Last week, two U.S. Senators – Richard Blumenthal (D-Conn.) and Edward Markey (D-Mass.) – asked GM to extend the deadline because they believed the claimants did not have enough information to make a decision on whether or not to file. The automaker declined. It would have been the second extension of the deadline as Feinberg convinced the company to extend the original Dec. 31 deadline by a month.

Feinberg said he believed the second extension was unnecessary and if someone didn’t know about about the deadline they were “living under a rock.” Georgia attorney Lance Cooper, whose firm submitted 45 claims to the fund, including 20 for deaths, told the Detroit News he felt the number of lawsuits agains the automaker would rise because the of the failure to extend the deadline. Cooper believes potential claimants should have had a year to file.

The lawsuits may come anyway. The U.S. Bankruptcy Court is considering allowing suits to be filed against the automaker, which was formed out of bankruptcy, despite the new company’s liability shield. The company is not using the shield against those who filed claims with the fund.

Thus far, Feinberg and his team have approved death benefits for 51 people, which is up from the initial 13 deaths attributed to the problem.

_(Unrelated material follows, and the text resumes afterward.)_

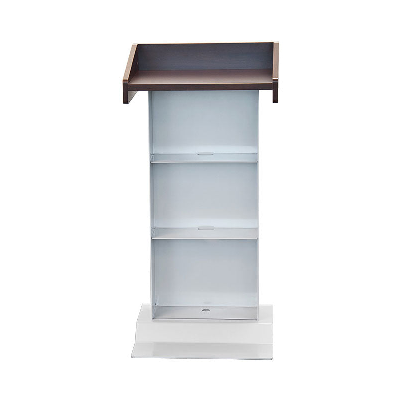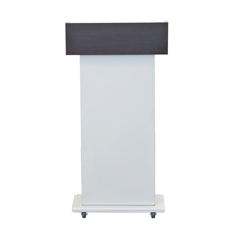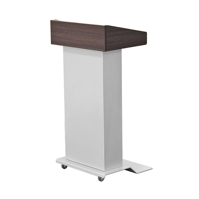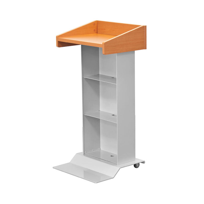 Crafted with furniture grade laminate in a variety of finishes, this modern mobile lectern features a sleek Silver body and base. The accessible base design allows for close access and provides a large footprint for a stable foundation. With a spacious 21" X 16" working surface, this lectern offers ample room for speaker notes, books, and other materials. It also includes 2 interior shelves for convenient storage of notes or a glass of water. The unit also features a cable pass through, ensuring that all cables are neatly tied and organized on the inside. Plus, with 2 front wheels, this lectern can easily be moved to any desired location. Arriving fully assembled, it is ready to use right away.

There also have been eight claims for serious injuries approved and 69 for lesser injuries. The amount of the benefit varies upon the circumstances, but each death benefit recipient receives at least $1 million.

The fund, which could pay out as much as $600 million, was established by GM last year for victims and their families who were killed or injured as a result of the company’s faulty ignition switches. The switches could toggle out of the “run” mode in to “accessory” mode cutting off the vehicle’s power steering and brakes as well as shutting off its airbags.

Ultimately, GM recalled nearly 2.6 million of the vehicles – some of which were a decade old – last year and made multiple appearances before Congressional committees and is subject to a variety of lawsuits as well as an investigation by the Justice Department.

A federal bankruptcy court is deciding whether to let claims proceed. General Motors Co., which was formed in a government-sponsored sale of assets from its predecessor’s 2009 bankruptcy reorganization, has said it will not invoke its bankruptcy liability shield in the case of injuries or deaths to avoid paying claims, but is fighting other claims made by owners of vehicles for economic losses.

A hearing is set for Feb. 17 in U.S. Bankruptcy Court in New York on the issue. If GM wins, victims of crashes before the restructuring likely could not sue GM.